As pressões sobre jovens doutores brasileiros também envolvem a imagem de "eterno estudante", que se resume na máxima "só estuda, não trabalha". "Ouvi outro dia em uma reunião profissional: 'você tem 32 anos, veja só, doutor, pós-doutor, nunca trabalhou, não?' Me surpreende que as instituições não considerem um pesquisador como um profissional. Sou cientista, é claro que estou sempre estudando", responde.
"Lemos notícias sobre os níveis de ansiedade e depressão no doutorado, e depois do doutorado? As pressões podem ser bastante perigosas para a saúde mental dos acadêmicos.
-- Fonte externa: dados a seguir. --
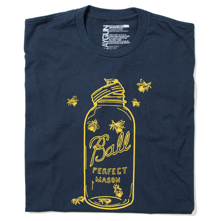 Firefly Mason Jar. Yellow Screen Print on a Heather Navy T-shirt (60% Combed Ringspun Cotton / 40% Polyester). Cut and sewn sweatshop free. Designed by and Licensed from Twice Studios here in Iowa.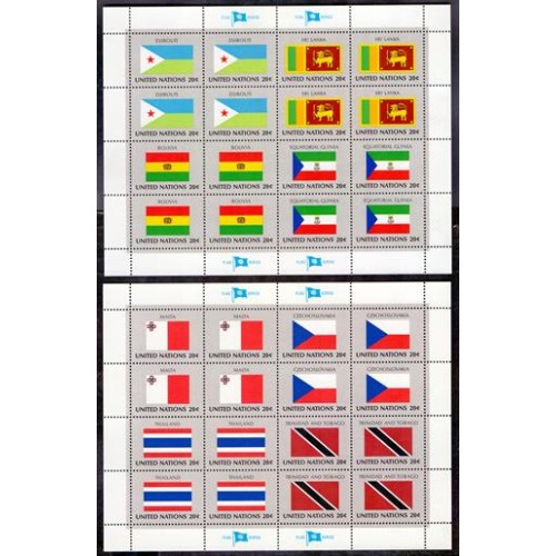 NAÇÕES UNIDAS - BANDEIRAS - 2 BLOCOS COM 16 SELOS - DJIBOUTI, SRI LANKA, BOLÍVIA, GUINÉ EQUATORIAL, MALTA, CHECOSLOVÁQUIA, TAILÂNDIA, TRINDADE E TOBAGO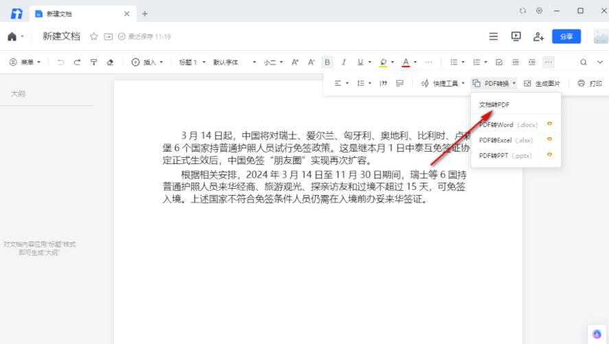 4、那么即可弹出一些选项,将其中的【PDF转换】按钮点击打开,之后我们需要将子选项中的【文档转换PDF】选项进行点击。

Tivemos um desenvolvimento sem precedentes na formação de doutores nos últimos anos no Brasil, mas que não foi acompanhado por uma compreensão sobre o papel desses doutores depois de formados", adiciona o biólogo.
Segundo um estudo publicado recentemente na Nature Biotechnology, por exemplo, os pós-graduandos têm seis vezes mais chance de desenvolver depressão e ansiedade do que a população geral.
Em busca de outros projetos e oferecimento de cursos, Rodrigo teme desistir de vez da ciência. "Não tenho nada fixo e não sei como vai ser amanhã. Se nada der certo, vou trabalhar num cruzeiro, vou tentar dar mais aulas de surfe, vou viver a vida. Fazer o quê?"